Data excerpt:
--------------------------------
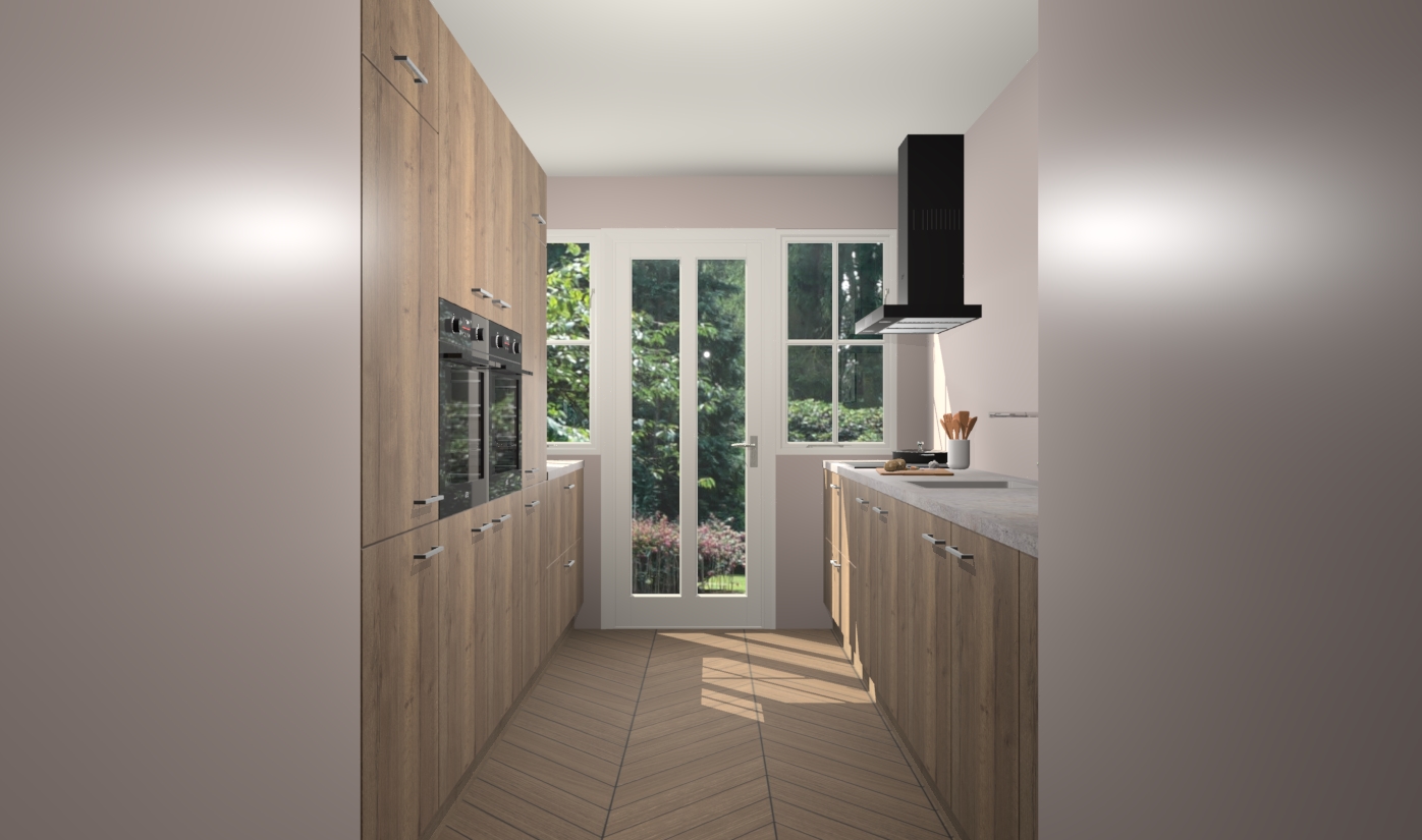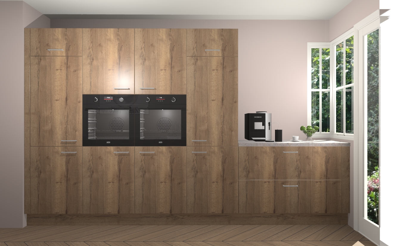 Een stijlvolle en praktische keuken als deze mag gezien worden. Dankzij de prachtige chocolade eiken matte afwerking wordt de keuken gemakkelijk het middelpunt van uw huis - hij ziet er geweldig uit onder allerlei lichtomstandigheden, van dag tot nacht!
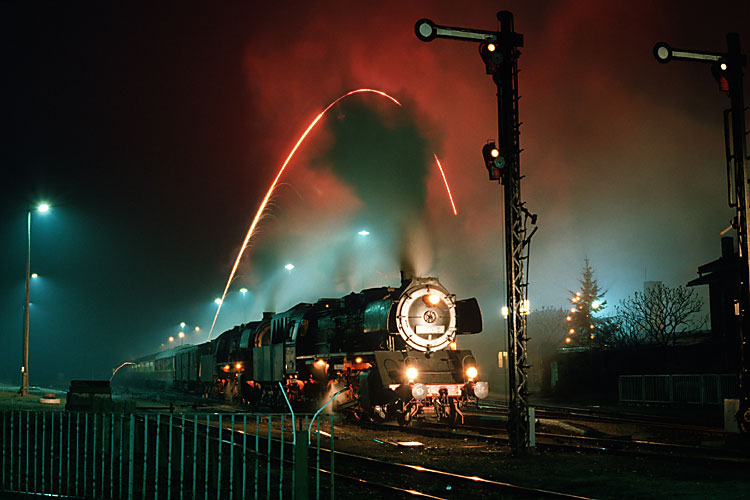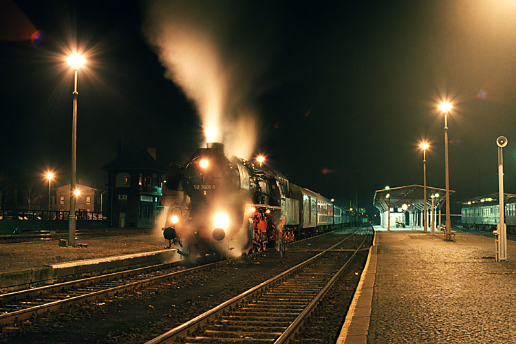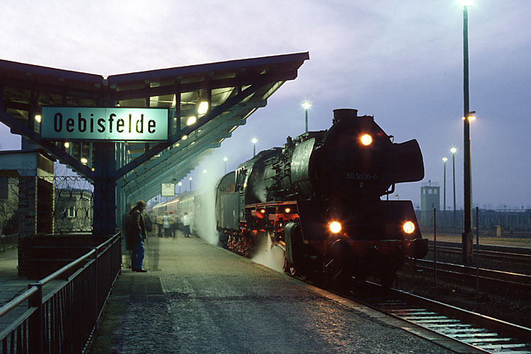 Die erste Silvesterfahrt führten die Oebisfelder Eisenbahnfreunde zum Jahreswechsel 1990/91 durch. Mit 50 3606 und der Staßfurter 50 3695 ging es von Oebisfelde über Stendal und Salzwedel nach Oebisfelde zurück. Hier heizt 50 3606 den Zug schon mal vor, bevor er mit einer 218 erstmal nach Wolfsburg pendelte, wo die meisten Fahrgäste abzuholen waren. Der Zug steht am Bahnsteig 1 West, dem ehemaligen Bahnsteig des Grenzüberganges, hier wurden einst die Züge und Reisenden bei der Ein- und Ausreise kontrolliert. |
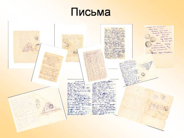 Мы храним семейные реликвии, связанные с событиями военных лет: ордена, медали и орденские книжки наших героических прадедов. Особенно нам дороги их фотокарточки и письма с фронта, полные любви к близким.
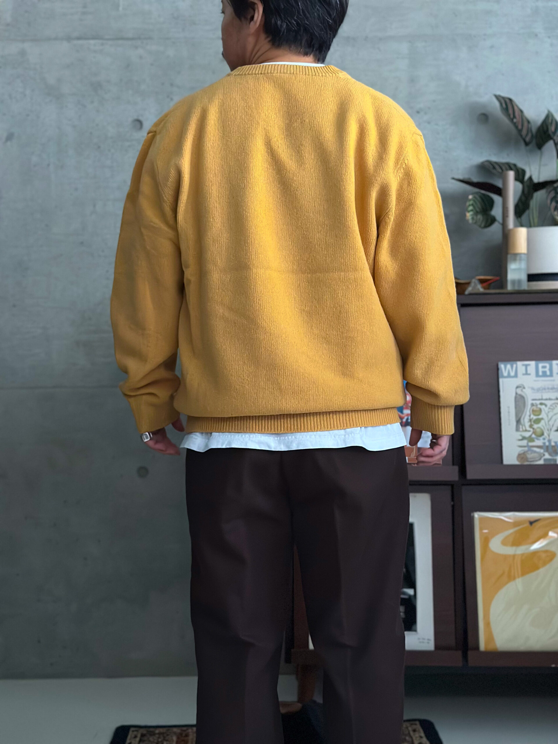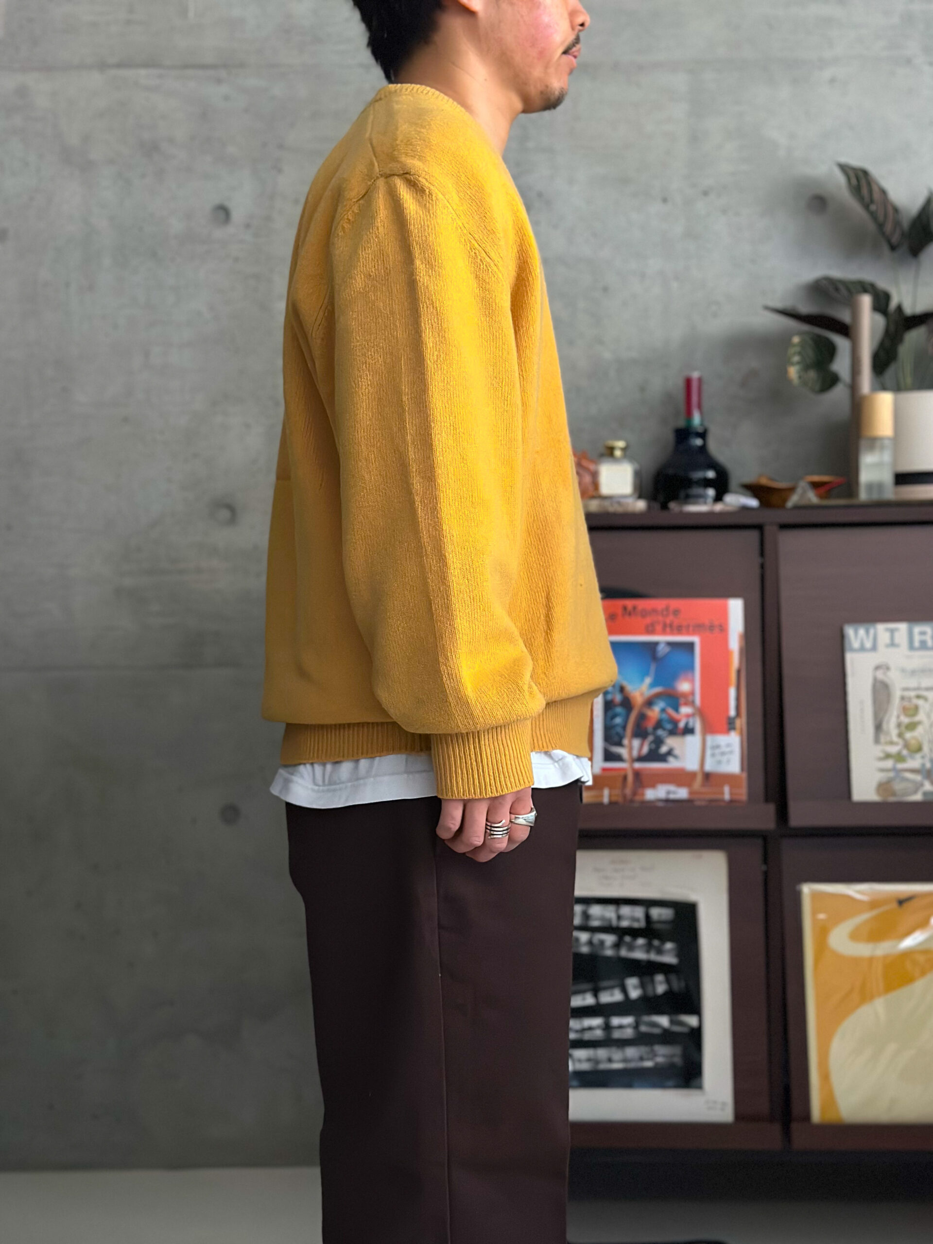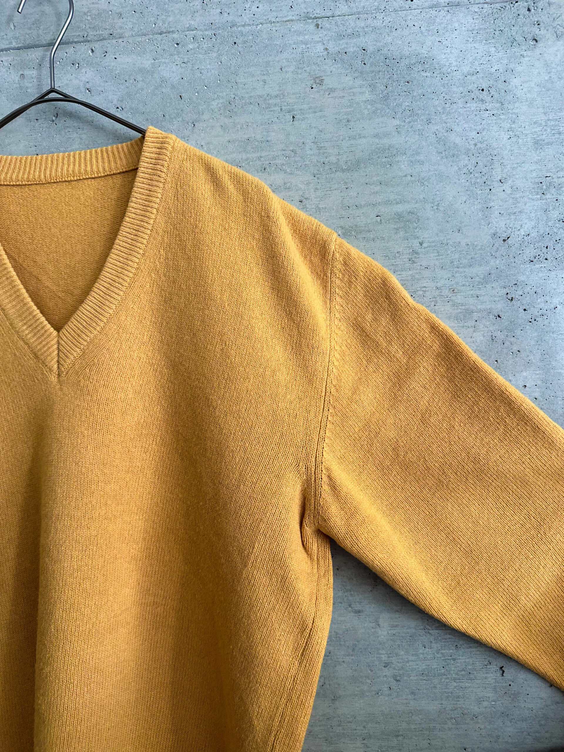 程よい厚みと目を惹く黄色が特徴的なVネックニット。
--------------------------------
Task requirements: All of the material above should be written out exactly as given, minus any images.

Exercise result:
 Een stijlvolle en praktische keuken als deze mag gezien worden. Dankzij de prachtige chocolade eiken matte afwerking wordt de keuken gemakkelijk het middelpunt van uw huis - hij ziet er geweldig uit onder allerlei lichtomstandigheden, van dag tot nacht!
 Die erste Silvesterfahrt führten die Oebisfelder Eisenbahnfreunde zum Jahreswechsel 1990/91 durch. Mit 50 3606 und der Staßfurter 50 3695 ging es von Oebisfelde über Stendal und Salzwedel nach Oebisfelde zurück. Hier heizt 50 3606 den Zug schon mal vor, bevor er mit einer 218 erstmal nach Wolfsburg pendelte, wo die meisten Fahrgäste abzuholen waren. Der Zug steht am Bahnsteig 1 West, dem ehemaligen Bahnsteig des Grenzüberganges, hier wurden einst die Züge und Reisenden bei der Ein- und Ausreise kontrolliert. |
 Мы храним семейные реликвии, связанные с событиями военных лет: ордена, медали и орденские книжки наших героических прадедов. Особенно нам дороги их фотокарточки и письма с фронта, полные любви к близким.
 程よい厚みと目を惹く黄色が特徴的なVネックニット。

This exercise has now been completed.